4 Replies Latest reply on Feb 21, 2013 10:54 AM by Justin Dettmann

    Patch Deployment Confirmation

    Justin Dettmann



      Is there a way to confirm that a specic patch/rpm has been installed successfully from Bladelogic without running the patch analysis after installed (Linuxand Windows)?


      Reason for this is that during a change control the user will patch a set of servers, but does not have the right to run the patch analysis job and needs to be sure all has installed successfully.


      Any ideas?

        • 1. Re: Patch Deployment Confirmation
          Siddu angadi

          Hi Justin,


          Use the Component Template --> Compliance option and define the rules find out patch installed or not.


          Rules can be created to check some files or versioning.


          Bladelogic provide complaint and non-complianrt reports based on rules.




          1 of 1 people found this helpful
          • 2. Re: Patch Deployment Confirmation

            Good idea, Siddu.

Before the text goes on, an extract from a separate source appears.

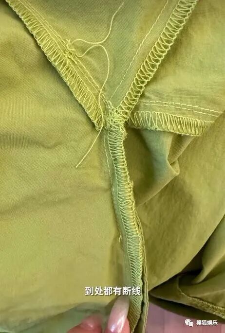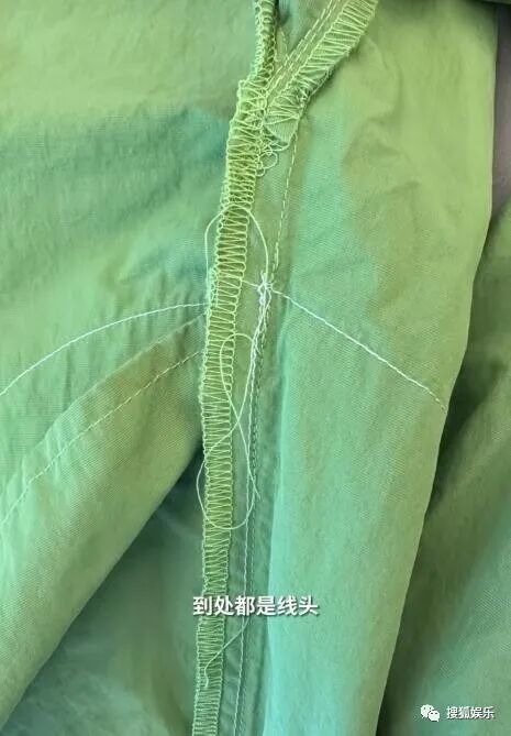 做工方面,她展示了衣服內側的車工,到處都是線頭和斷線。

But as a warning, your suggestion does not confirm anything other than a patch was installed, and the same could be verified via a server live browse.


            Example: Say you install a Windows patch that requires a reboot. The patch is installed, but the system is not rebooted. In Siddu's suggested approach, you would see that the patch is installed, but the system is actually still vulnerable. Running another patch analysis job would show you that the system is still vulnerable (because that DLL is still running in the OS memory). The same situation with false assurance would occur if the patch was incorrectly assembled at Microsoft and the wrong dll was updated (happens more than you think).

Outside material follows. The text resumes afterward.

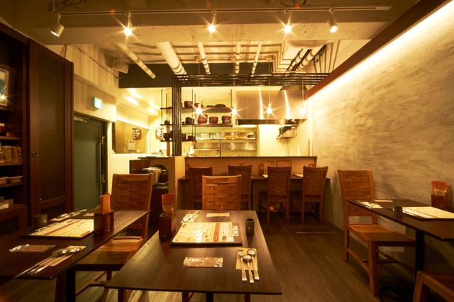 地下1階に位置する店内は、暗めの照明で落ち着いた印象。コンパクトなつくりだが、席と席の間が空いているため、ゆっくり過ごすことができる。席数は少ないが、キッチンが見渡せるオープンカウンターも人気だ。

            You should give your users the ability to run patch analysis jobs against their servers as a result of their job. Is there a reason you can't do this?

            1 of 1 people found this helpful
            • 3. Re: Patch Deployment Confirmation
              Bill Robinson

              for windows, what adam said is true.  for linux seeing a successful deploy job result should be sufficient except for the kernel rpm which would require the reboot.


              if the user's function is to patch servers, why do they not have the ability to run patching jobs ?  who does have the ability to run patching jobs ?

              • 4. Re: Patch Deployment Confirmation
                Justin Dettmann

                Thanks Bill, for some or other reason they didn’t want the people deploying the patches to run the patch analysis. I have put together a process that will include running a patch analysis after deployment that should be followed as this seems to be the most viable way to ensure successful deployments.